*** Opening DATA PROVIDED ***

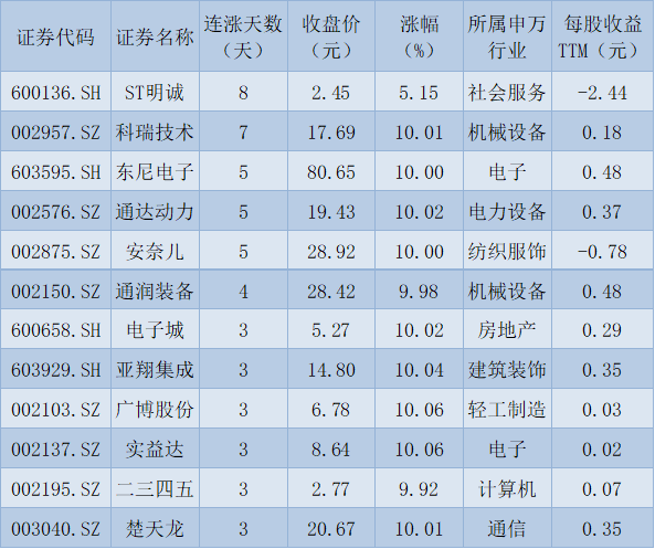 漲停股方面,今日有31只個股以漲停價報收,其中,有12只個股,股價已連續上漲超過3個交易日;跌停方面,有13只個股跌停價報收。從申萬一級行業看,房地產和電子行業漲停股數量并列居首,均為5只。
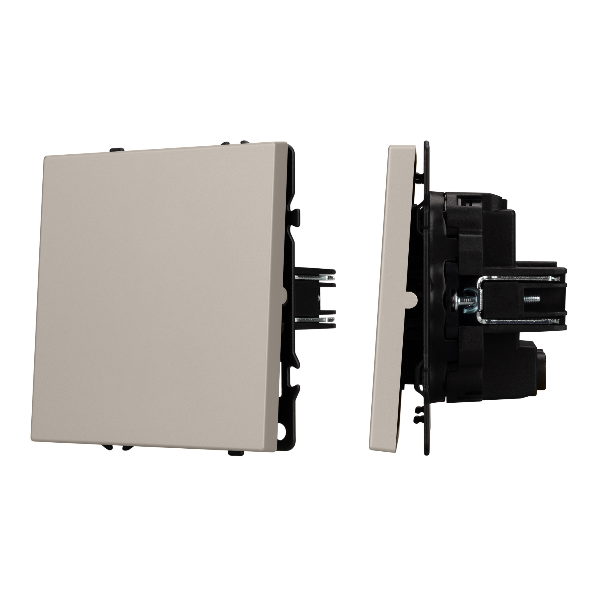 Строгие геометрические линии гармонично сочетаются с функциональностью продуманных механизмов, создавая идеальное решение для дизайн-проектов, где важны как эстетика, так и практичность. Механизм выключателя света совместим с рамками серии NOBE, создает утонченный минималистичный вид. Скрытый тип монтажа позволяет гармонично встроить в интерьер любого современного дизайн-проекта. Видимая часть механизма выполнена из высококачественного пластика цвета кашемир и имеет Soft-Touch покрытие, что придает изделию приятные тактильные ощущения и стильный внешний вид. Контактная часть присоединяется при помощи винтовых зажимов, позволяя быстро и легко подсоединить механизм выключателя к питающим элементам. А усиленные распорные лапки двойного захвата надежно фиксируют механизм в установочном подрозетнике круглого сечения диаметром 60мм. Суппорт окрашен в черный матовый цвет под основу механизма и выполнен из металла толщиной 1,5мм, что обеспечивает безопасность и уверенность в установке. На каждой стороне суппорта размещены фиксирующие элементы, позволяющие комбинировать механизмы в системы до 5 шт как горизонтально, так и вертикально.
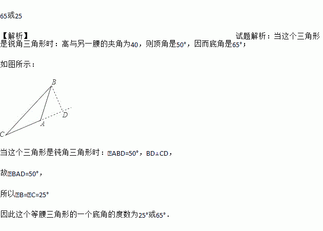 65或25 【解析】试题解析:当这个三角形是锐角三角形时:高与另一腰的夹角为40,则顶角是50°,因而底角是65°; 如图所示: 当这个三角形是钝角三角形时:∠ABD=50°,BD⊥CD, 故∠BAD=50°, 所以∠B=∠C=25° 因此这个等腰三角形的一个底角的度数为25°或65°.

*** Closing DATA PROVIDED ***

* _EXERCISE_: Return the whole listing, word for word, and leave out every picture.

* _EXERCISE ANSWER_:
 漲停股方面,今日有31只個股以漲停價報收,其中,有12只個股,股價已連續上漲超過3個交易日;跌停方面,有13只個股跌停價報收。從申萬一級行業看,房地產和電子行業漲停股數量并列居首,均為5只。
 Строгие геометрические линии гармонично сочетаются с функциональностью продуманных механизмов, создавая идеальное решение для дизайн-проектов, где важны как эстетика, так и практичность. Механизм выключателя света совместим с рамками серии NOBE, создает утонченный минималистичный вид. Скрытый тип монтажа позволяет гармонично встроить в интерьер любого современного дизайн-проекта. Видимая часть механизма выполнена из высококачественного пластика цвета кашемир и имеет Soft-Touch покрытие, что придает изделию приятные тактильные ощущения и стильный внешний вид. Контактная часть присоединяется при помощи винтовых зажимов, позволяя быстро и легко подсоединить механизм выключателя к питающим элементам. А усиленные распорные лапки двойного захвата надежно фиксируют механизм в установочном подрозетнике круглого сечения диаметром 60мм. Суппорт окрашен в черный матовый цвет под основу механизма и выполнен из металла толщиной 1,5мм, что обеспечивает безопасность и уверенность в установке. На каждой стороне суппорта размещены фиксирующие элементы, позволяющие комбинировать механизмы в системы до 5 шт как горизонтально, так и вертикально.
 65或25 【解析】试题解析:当这个三角形是锐角三角形时:高与另一腰的夹角为40,则顶角是50°,因而底角是65°; 如图所示: 当这个三角形是钝角三角形时:∠ABD=50°,BD⊥CD, 故∠BAD=50°, 所以∠B=∠C=25° 因此这个等腰三角形的一个底角的度数为25°或65°.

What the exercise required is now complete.